Married To The Mob

YOU'RE TELLING YOURSELF: I need another wiseguy movie like I need to pay more taxes. Al Pacino as a two-bit mafioso? Is the pope Catholic? Johnny Depp as some goombah named Donnie Brasco? Fuggedaboudit ...

There are plenty of reasons to be skeptical about ""Donnie Brasco,'' but give this movie 20 minutes and you'll change your tune. The story, based on true events, is so good, and the characters so rich, that the familiarity of the turf becomes irrelevant. Screenwriter Paul Attanasio (""Quiz Show'') and jack-of-all-genres director Mike Newell (""Four Weddings and a Funeral,'' ""Dance With a Stranger'') don't seem worried that hundreds before them have marched down these mean Italian-American streets; after all, we haven't been there with Lefty Ruggiero--the small-time hit man Pacino plays--or with Depp's Donnie Brasco. Donnie is actually FBI undercover agent Joe Pistone, a man who is so successful insinuating himself inside the mob that he doesn't know how to get back out again--or wheth-er he wants to.

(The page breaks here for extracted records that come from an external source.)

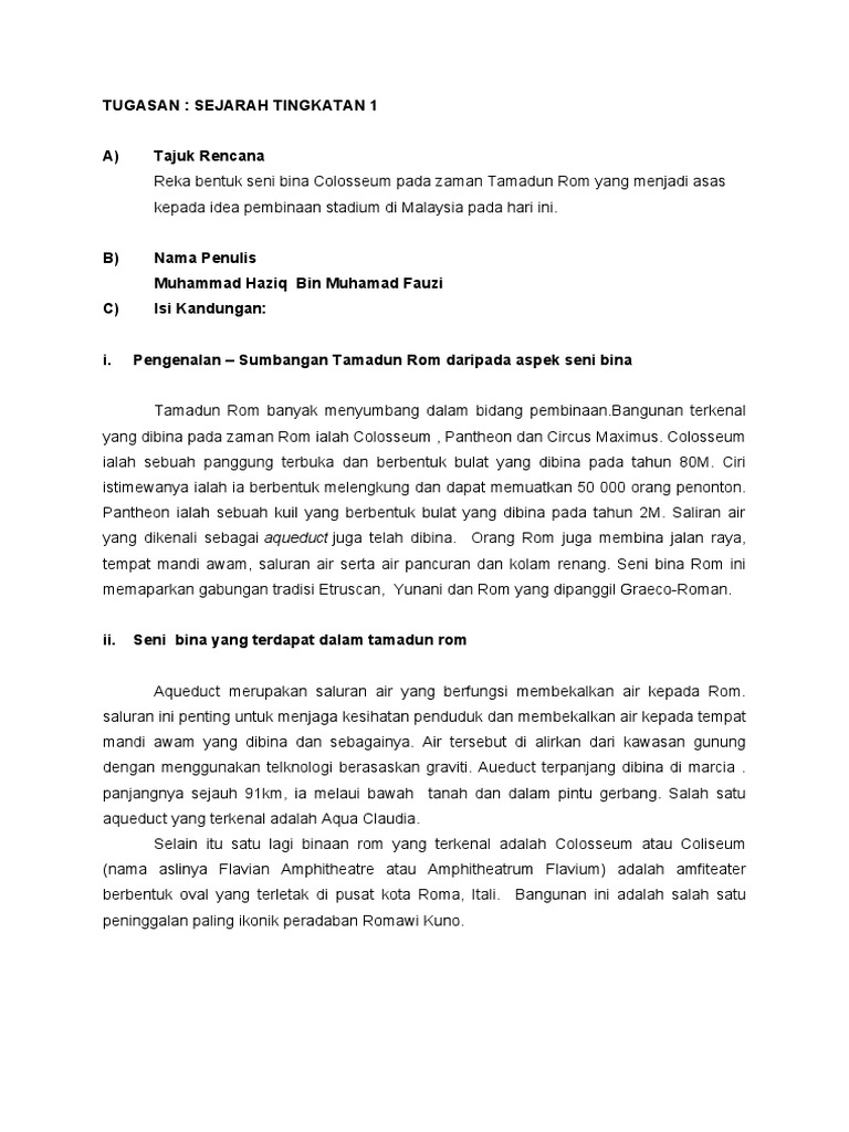 Up to 3 cash back Pengenalan Sumbangan Tamadun Rom daripada aspek seni bina. Search Results For Contoh Seni Bina Islam Di Luar Negara. Kaedah kajian kerja kursus sejarah tingkatan 1 seni bina tamadun rom.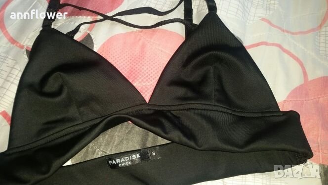Ново черно и оригинално. Обиколка 70см, чашка В и се разтяга. Няма етикет, защото е изпрано.
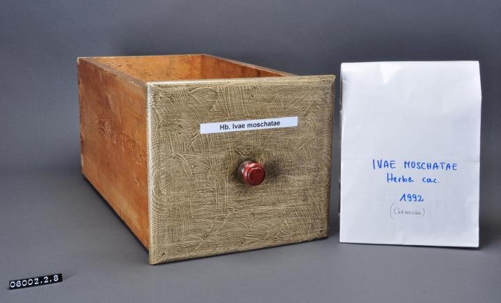 Schublade aus Nadelholz mit rotem Knauf und gezinkten Verbindungen (Schwalbenschwanzverbindung). Boden angeleimt und mit Holznägeln gesichert. Massivere Bauweise. Vorderfront grau-braun angemalen. Mit selbstklebendem, laminiertem, weißem Kunststoff-Schriftband beschriftet. Papiersdack beschriftet von Lioba Sperber. Enhält Moschus-Schafgarbe geschnitten.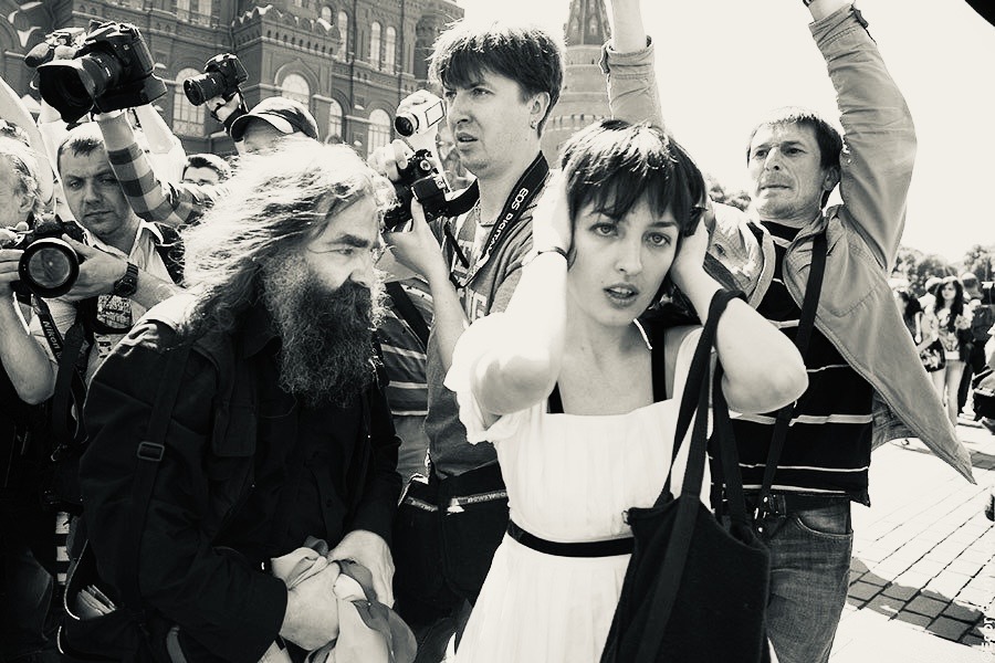 «Нашла картинку со своего первого гей-парада. Мне только что прилетело в висок и в ухо, я слышу только тишину. Жду новых ударов. С правого края фотки видна нога убегающего человека – это нападавший. Его задержат, откроют уголовное дело, потом закроют. Следователь скажет моему адвокату, что не понимает, какой защиты я хочу – я лесбиянка, я вышла на улицу и получила в кочан, все естественно.В левой руке у меня синий пакетик. Там еще два маленьких радужных флага. На тот случай, если вырвут основной. Аню (руки заломаны) прямо сейчас уводят в автозак. Я попытаюсь бежать за ней, но очень кружится голова, я не могу догнать. Тогда я открою пакетик, достану маленький флаг. Пока я на свободе, гей-парад продолжается.»Все безнадежно», «зачем подставляться», «это ничего не меняет». Пока у меня есть ноги, я буду идти. Пока у меня есть голос, я буду говорить. Мне не нужно разрешения, чтобы ходить и говорить. Я не буду помогать фашизму ни молчанием, ни покорностью.
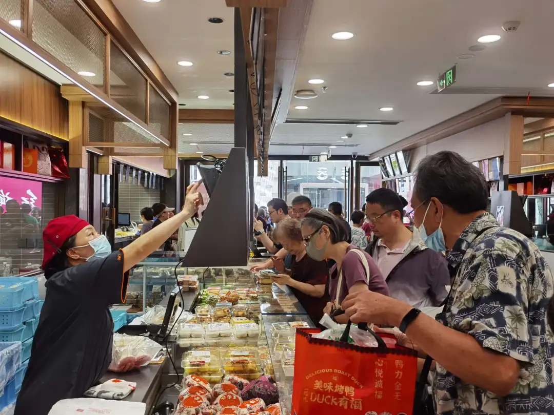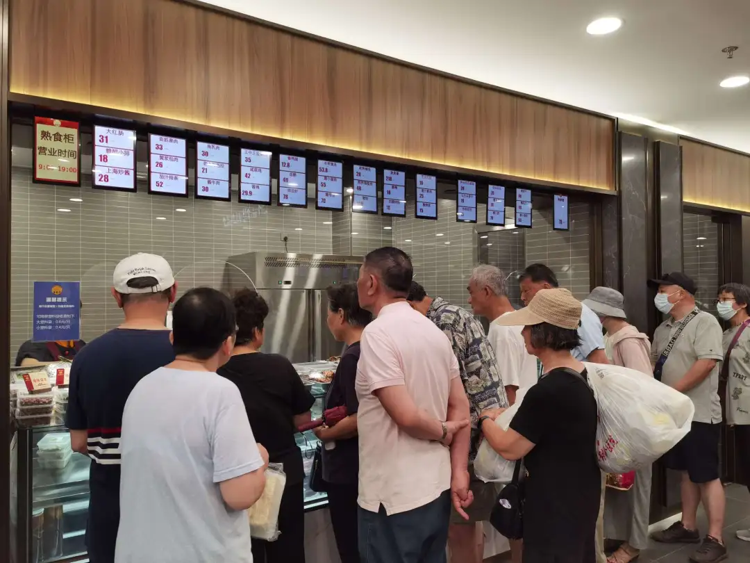 记者注意到,和整修前一样,一楼是可以购买各种时令产品的外卖柜台,以及老客户特别喜欢的各式浇头面和小吃堂食。手工制作的馒头、鲜美的月饼、每天新鲜烧制的上海熟菜和本帮菜肴,还有糯糯叽叽的糕团等等,为市民呈现品种丰富的美食。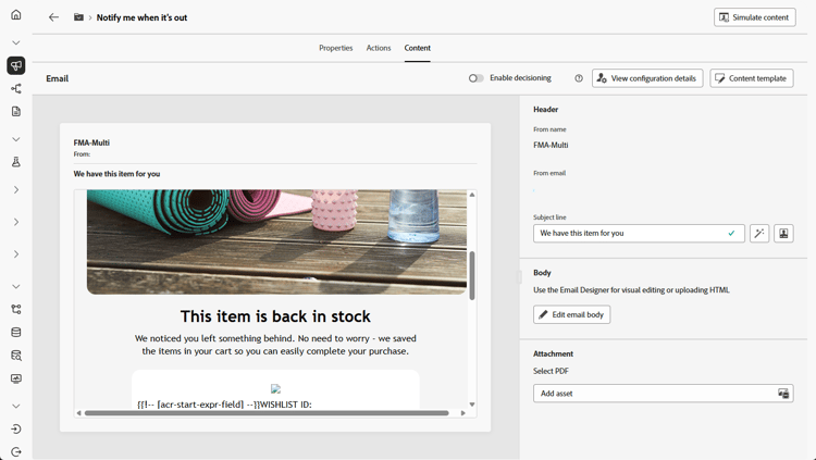 Lägg till en Email-aktivitet för att skapa ett meddelande om produkttillgänglighet. Klicka på Edit content för att börja designa ditt innehåll.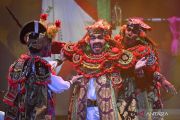 Aktris dari Sanggar Kedathon Ati asal Klaten, Jawa Tengah menampilkan reaktualisasi Wayang Gedhog Madura yang berjudul Palung Tempat Rindumu Pulang dalam Festival Budaya Panji 2024 di Gedung Kesenian Jakarta (GKJ), Jakarta, Kamis (24/10/2024). Festival yang bertujuan untuk memperkuat warisan budaya Panji sebagai salah satu bentuk ekspresi seni yang diakui oleh dunia ini menampilkan sepuluh kelompok seni terpilih dari berbagai daerah di Indonesia. ANTARA FOTO/Aditya Pradana Putra/aww.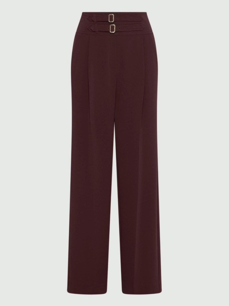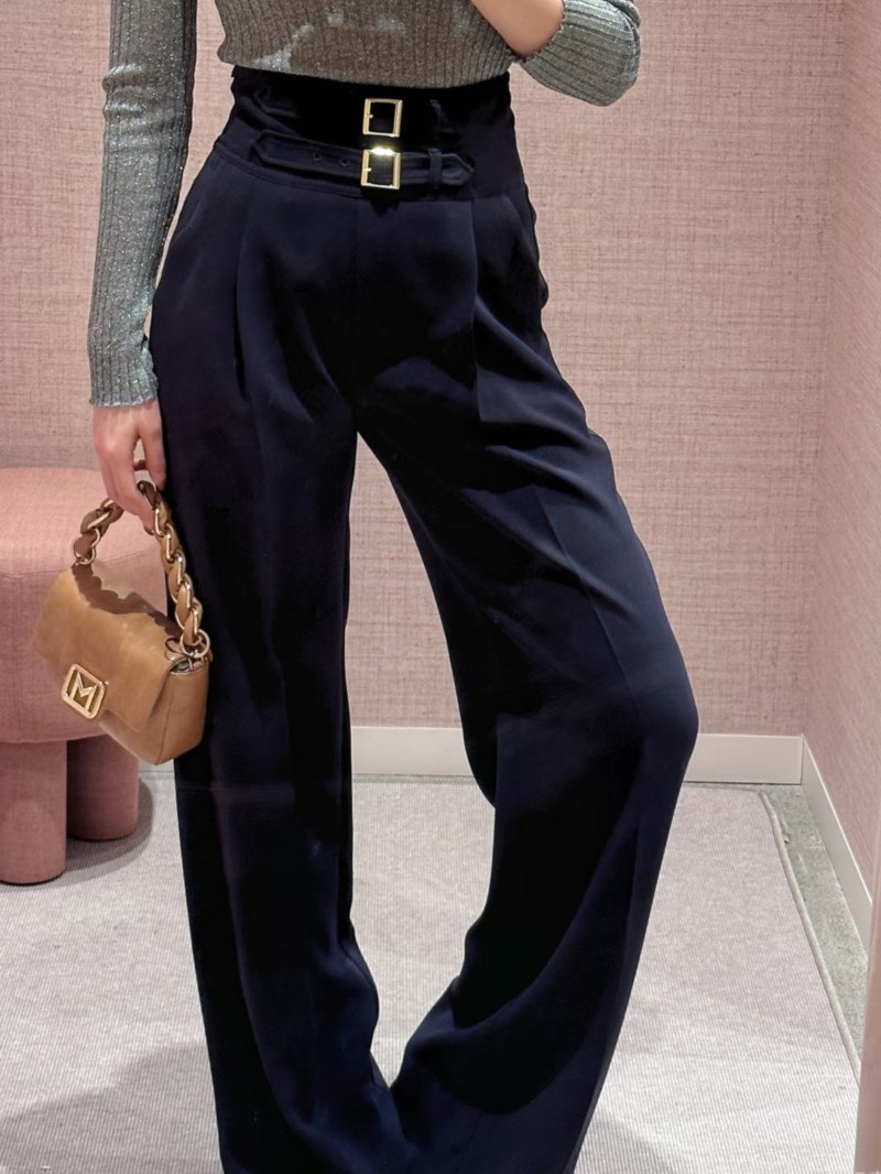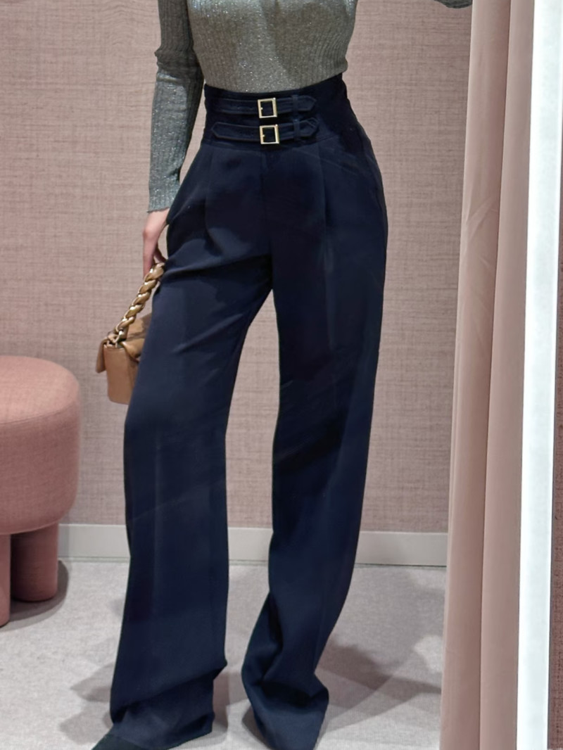 高腰設計,附腰帶和扣。 柔軟褲管,側邊隱形拉鍊。 後腰彈性拼接設計,側斜插口袋和後貼袋。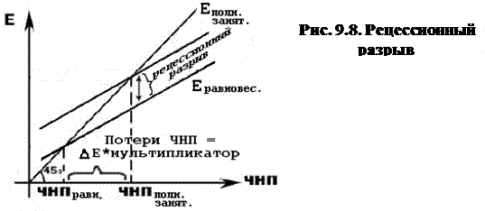 Графически (см. рис. 9.8.) рецессионный разрыв – это величина, на которую график совокупных расходов должен сместиться вверх, чтобы обеспечить безинфляционный уровень ЧНП в условиях полной занятости.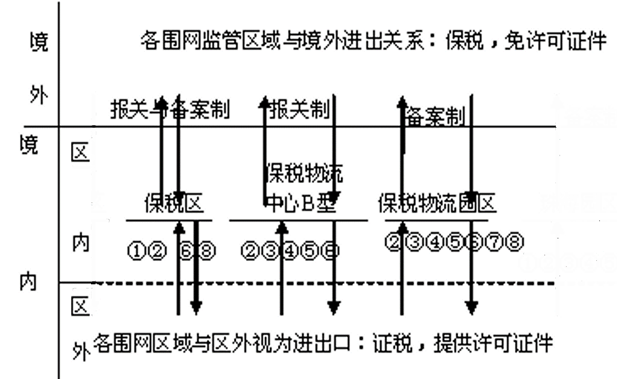 | 与境外进出物流中心内的货物予以保税,不实行进出口配额、许可证件管理;与境内区外进出口货物视同进出口,征税,须提交许可证件 | |||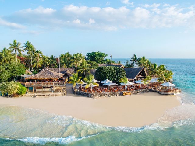 青い空と青い海に白いパラソルが映えるキャスタウェイ島で過ごす1日。島ではプールでのんびり泳いだり、シュノーケリングを楽しんだり、自由にお過ごしいただけます。高速カタマラン船での移動中はママヌザ諸島の他の島々の景色をお楽しみください。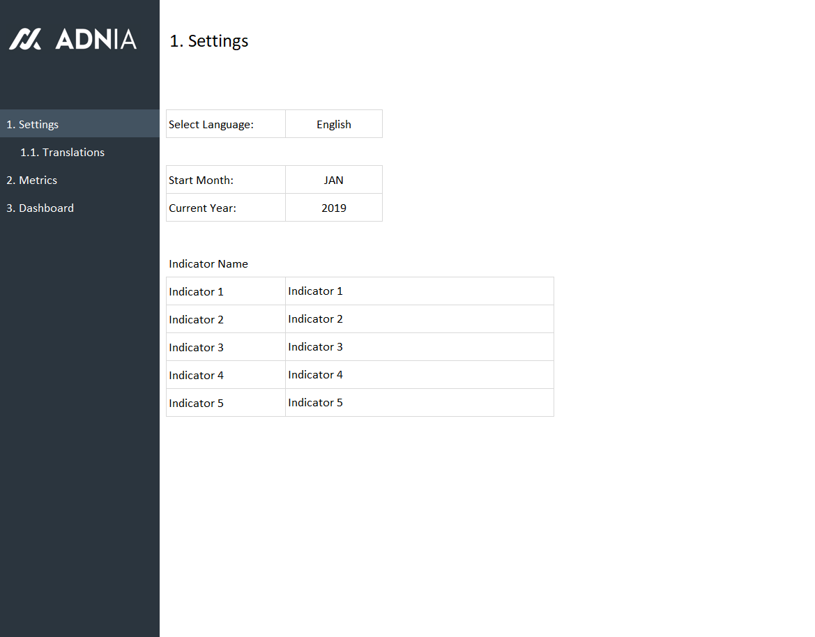 - 12-month template with 5 indicators and 7 charts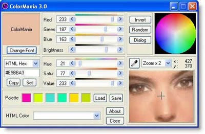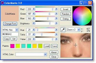 ColorMania é um utilitário gratuito especialmente desenvolvido para web-designers, artistas gráficos e desenvolvedores de aplicativos. Sua função principal é a de selecionar e capturar o código das cores em qualquer tela ou imagem, e tudo com uma máxima precisão. O programa trabalha com cores de diversos formatos como CMYK, RGB, CMY, etc. é possível criar e salvar sua própria paleta de cores, possui zoom, gera o código HTML da cor e é muito fácil de usar, basta posicionar o rato a figura e está feito.

Pistone is a great actor and an agile seducer: playing his role as ""Donnie the jewel man,'' he makes Lefty feel like he's found a son and a bright new future. The love and trust Lefty feels for his protege isn't playacting, and Pistone is pulled in by it. He's a man torn by too many families and too many loyalties--to the Feds, to the mobsters, and to his wife (Anne Heche) and children, who never know where he is or what he's really doing. As with most whose lives are a performance, his sense of his own identity is a slippery thing.

What's compelling about the way Newell and Attanasio tell this story--with a riveting mixture of comedy, dread, warmth and brutality--is that the audience isn't sure which side to take. Depp's character is in a classic tragic bind, and family values have rarely been so ambiguous. There's a brilliantly tense scene at a Japanese restaurant, where the maitre d' orders Donnie and his Mafia colleagues to take off their shoes. We know if Donnie does he'll be killed, because that's where his tape recorder is hidden. Donnie improvises adroitly, playing on his comrades' xenophobia to turn them against the Japanese host. We're relieved--and then we're horrified when the mafiosi, pumped up with ""family'' loyalty, viciously stomp the maitre d'. For Donnie, the price of saving his own skin keeps getting higher.

This is Depp's coming-of-age role, and he's terrific. Pacino, who's shown more flash than substance recently, reminds us how great he can be when he loses himself inside a character. The bond between these two makes Newell's film sing. It's a wiseguy movie, but it's also a doomed love story--funny, sad and bit- ter on the tongue.